Supreme Court of the State of New York, Suffolk County
Aug 1, 2007
2007 N.Y. Slip Op. 32405 (N.Y. Sup. Ct. 2007)

Opinion

0019930/2005.

August 1, 2007.

Ewall Ewall Huntington, NY, PLTF'S/PET'S ATTORNEY.

Russo Apoznanski, Attys for Simpson Nilt, Westbury, NY, Robert P. Tusa, Esq., Atty for Burke, Hauppauge, NY, Stockschlaeder, McDonald Sules, Attys for McKay, New York, NY, DEFT'S/RESP ATTORNEY.


Upon the following papers numbered 1 to 38___read on this motion and cross-motions for discovery and summary judgment; Notice of Motion/Order to Show Cause and supporting papers 1-9_____________; Notice of Cross-Motion and supporting papers 15-21; 22-30; 39-47; ; Answering Affidavits and supporting papers 10-14; 31-34; Replying Affidavits and supporting papers 35-38;________; Other____________; and after hearing counsel in support of and opposed to the motion it is,

ORDERED that the motion (Seq. #001) by the co-defendant, Nancy E. Simpson, to strike the co-defendant Shaun M. McKay's answer for failure to appear for a deposition is denied as moot; the unopposed cross-motion (Seq. #002) by the plaintiff for summary judgment pursuant to CPLR § 3212 on the issue of liability only is granted as to the defendant Nancy E. Simpson and NILT, Inc.; the cross-motion (Seq. #003) by the co-defendant Shaun M. McKay for summary judgment and dismissal of the plaintiff's complaint as against him pursuant to CPLR § 3212 is granted and the plaintiff's complaint is dismissed; and the unopposed cross-motion (Seq. #004) by the co-defendant Michael S. Burke seeking the same summary judgment relief and dismissal of the plaintiff's complaint pursuant to CPLR § 3211 is also granted and the plaintiff's complaint is dismissed as against Michael S. Burke also.

The plaintiff instituted this action for personal injuries allegedly sustained in a motor vehicle accident which occurred on Friday, November 21, 2003 at approximately 10:00 pm at the intersection of Route 110 (New York Avenue) and Lowndes Avenue in Huntington Station, Suffolk County on Long Island, New York. Plaintiff was a passenger in the defendant Shaun M. McKay's (hereinafter McKay) vehicle which was stopped in the left northbound lane of Route 110 to make a left turn at the intersection with Lowndes Avenue.
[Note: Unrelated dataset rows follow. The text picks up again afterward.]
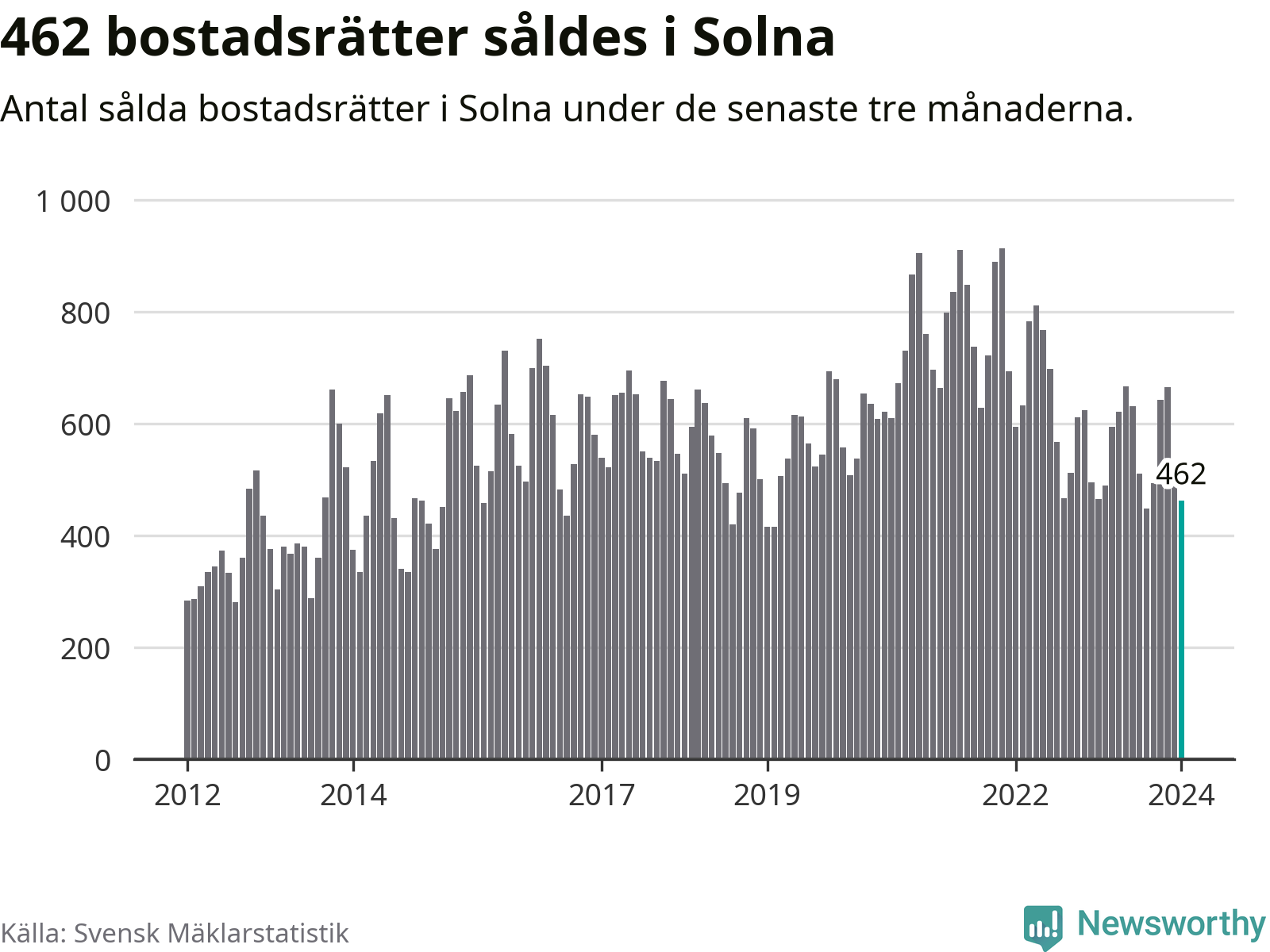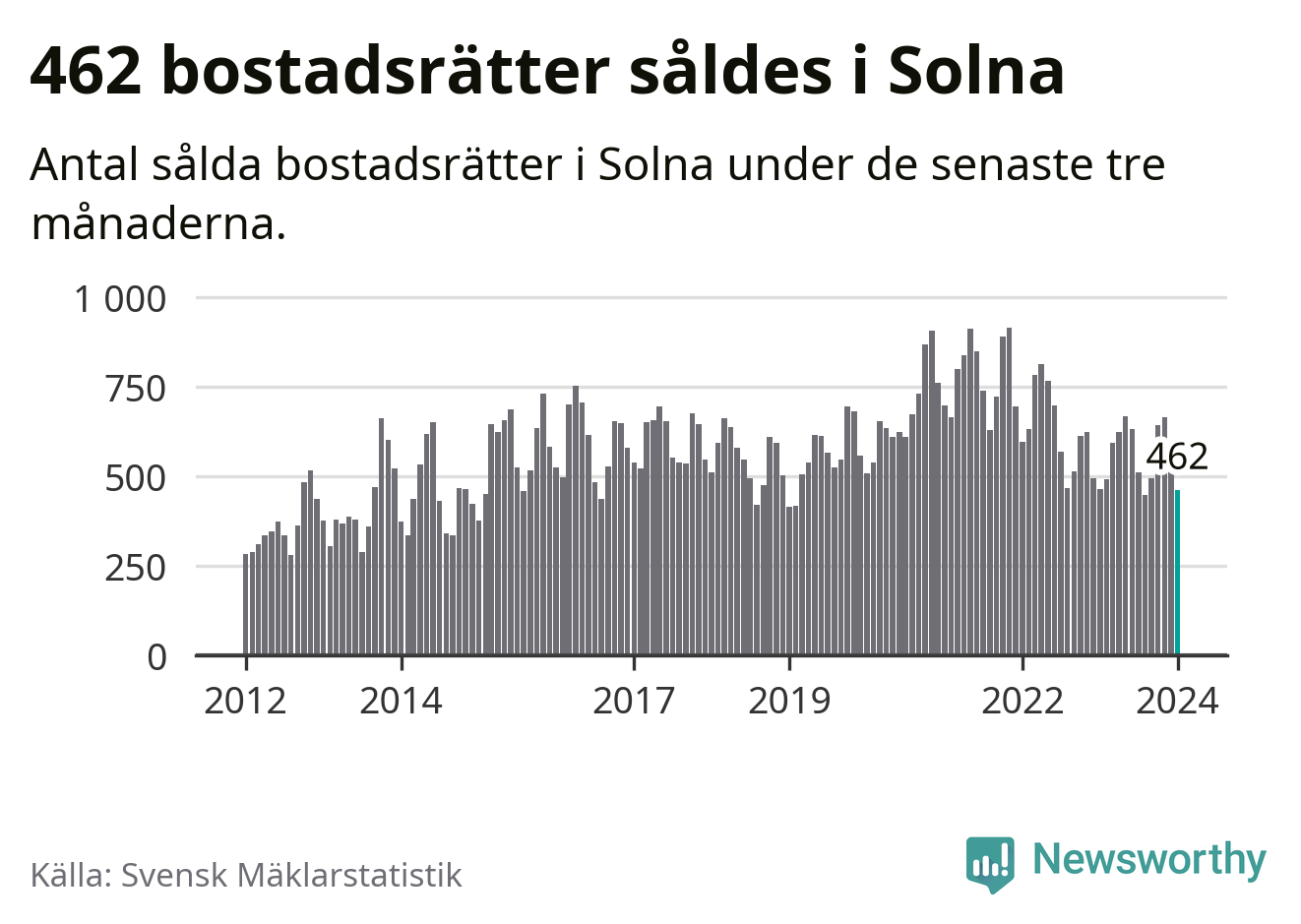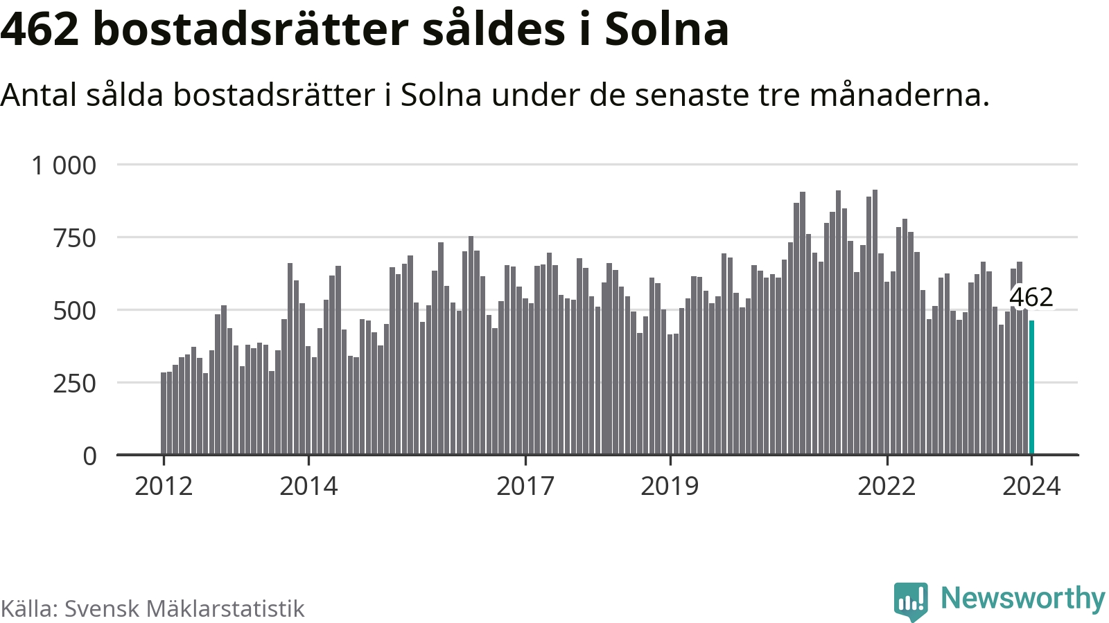 Solna | −4 % ▼ | 462 | 3,7 miljoner |
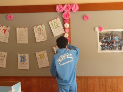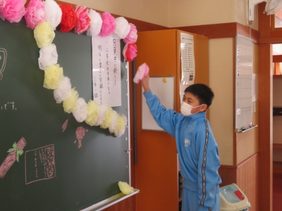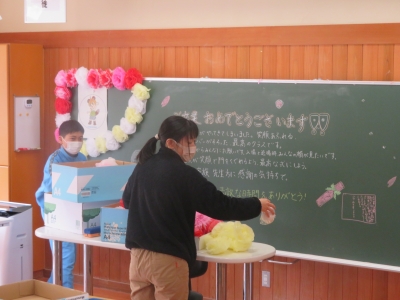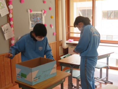 3年生教室の片付けを行っています。おはながみで作った花を色別に分けています。また、セロテープをきれいに剥がしています。
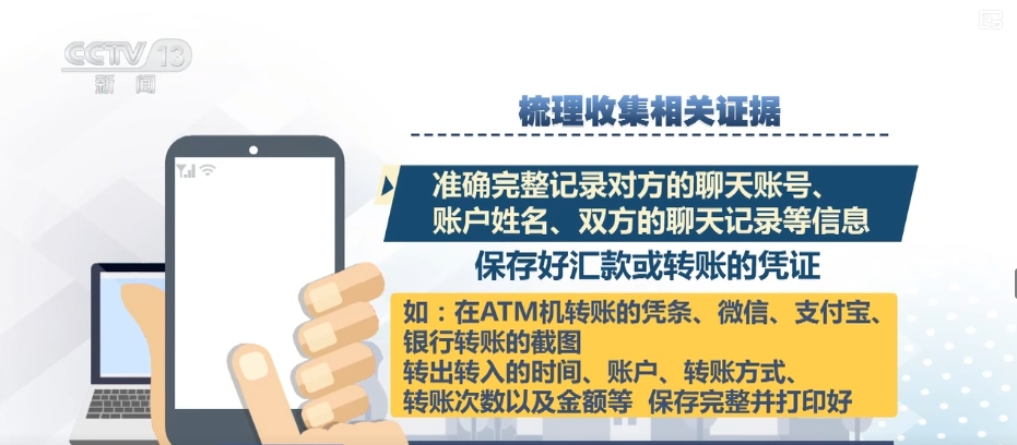 然后記住抓緊梳理收集相關(guān)證據(jù),準(zhǔn)確完整記錄對方的聊天賬號、賬戶姓名、雙方的聊天記錄等信息;保存好匯款或轉(zhuǎn)賬的憑證,如在ATM機轉(zhuǎn)賬的憑條、微信、支付寶、銀行轉(zhuǎn)賬的截圖;轉(zhuǎn)出轉(zhuǎn)入的時間、賬戶、轉(zhuǎn)賬方式、轉(zhuǎn)賬次數(shù)以及金額等,保存完整并打印好。最后,您需要盡快前往最近的派出所,進行現(xiàn)場報案。在這里,您要配合公安機關(guān)做好詢問筆錄,提供相關(guān)證據(jù)。

The co-defendant, Michael S. Burke, (hereinafter Burke), was stopped directly behind the McKay vehicle and this vehicle was struck in the rear by the co-defendant Nancy E. Simpson (hereinafter Simpson), operating a motor vehicle owned by a Chicago corporation, NILT, Inc. This impact caused the Burke vehicle to hit the McKay vehicle causing injury to McKay's passenger, the plaintiff, Vearl Ingram. This lawsuit thereafter ensued.

The defendant Simpson now moves for an order dismissing the [plaintiff's complaint (sic)] defendant McKay's answer for the failure of defendant McKay to appear for a court ordered deposition. The plaintiff cross-moves for summary judgment pursuant to CPLR § 3212 on I ability as against the defendant Simpson, arguing that the co-defendant Simpson was responsible for this three (3) vehicle hit in the rear chain reaction accident because she failed to stop her vehicle. The co-defendants McKay and Burke cross-move for summary judgment and dismissal of plaintiff's complaint and all cross-claims asserted pursuant to CPLR § 3212 arguing that Simpson was solely responsible for the happening of this accident because she failed to stop her vehicle and caused it to run into the rear of the stopped Burke vehicle which then hit the rear of the stopped McKay vehicle. The defendant Simpson, opposes the requested relief only as to co-defendant McKay arguing that McKay was partial responsible for happening of this accident.

The defendant Simpson's motion to strike (seq. #001) co-defendant McKay's answer is denied as both moot and on the merits. Simpson's papers move for relief in the nature of a dismissal of McKay's complaint which is a misnomer. Simpson's relief seeks to strike McKay's answer for failure to appear for a deposition. The motion is denied. The plaintiff's requested relief in moving for summary judgment (seq. #002) pursuant to CPLR § 3212 on her complaint sounding in negligence arising from this rear end chain reaction motor vehicle accident as against the defendant Simpson is granted in its entirety on the issue of liability only. The cross-motion by co-defendants' McKay and Burke for summary judgment and dismissal of the plaintiff's complaint (seq. #003 004) as against them pursuant to CPLR § 3212 in this multi-vehicle rear end collision motor vehicle accident is hereby granted and the plaintiff's action as well as any cross-claims between and among the defendants is dismissed.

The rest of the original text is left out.